* Work required
Can the lines below, from the one that holds "龙虾做的事,是把这些全部补全" to the very end, be echoed exactly, with both ends included and no pictures?

Dataset section Start Marker

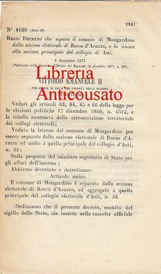Regio Decreto SEPARAZIONE SEZIONE ELETTORALE MONGARDINO DA ROCCA D ARAZZO 1877
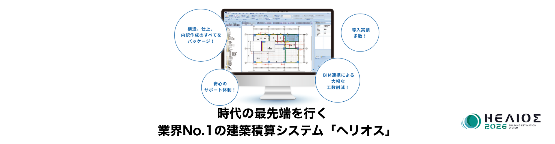 選ばれ続けて40年。建築積算なら、業界No.1ソフト「ヘリオス」
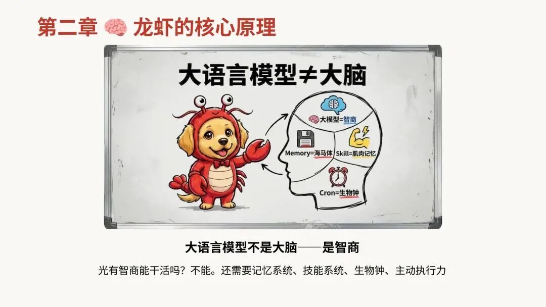 龙虾做的事,是把这些全部补全:大模型是智商,记忆系统是海马体,Skill是肌肉记忆,Cron是生物钟,多通道接入是感知器官。
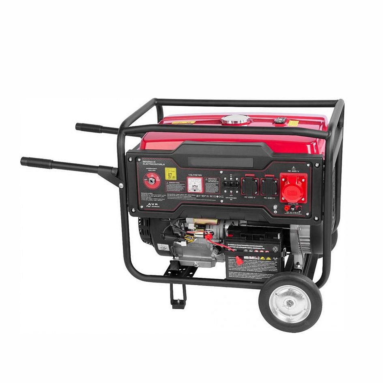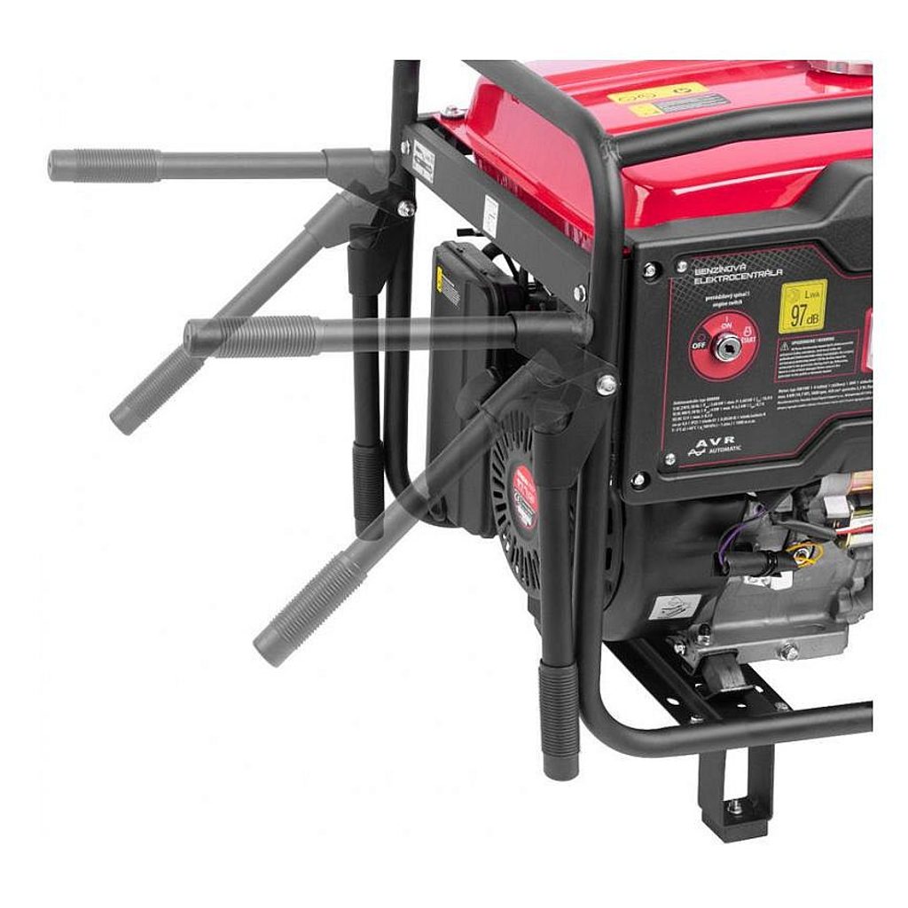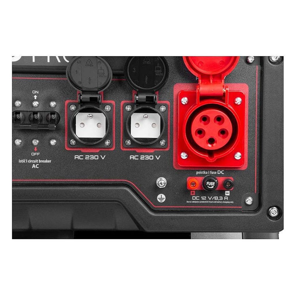Motor s výkonem 8 kW zabezpečuje trvalý výkon elektrocentrály až do 6000 W. Generátor je vybavený voltmetrem a výstupem 12 V na nabíjení baterií.

Dataset section End Marker

* Output of the task
 龙虾做的事,是把这些全部补全:大模型是智商,记忆系统是海马体,Skill是肌肉记忆,Cron是生物钟,多通道接入是感知器官。
Motor s výkonem 8 kW zabezpečuje trvalý výkon elektrocentrály až do 6000 W. Generátor je vybavený voltmetrem a výstupem 12 V na nabíjení baterií.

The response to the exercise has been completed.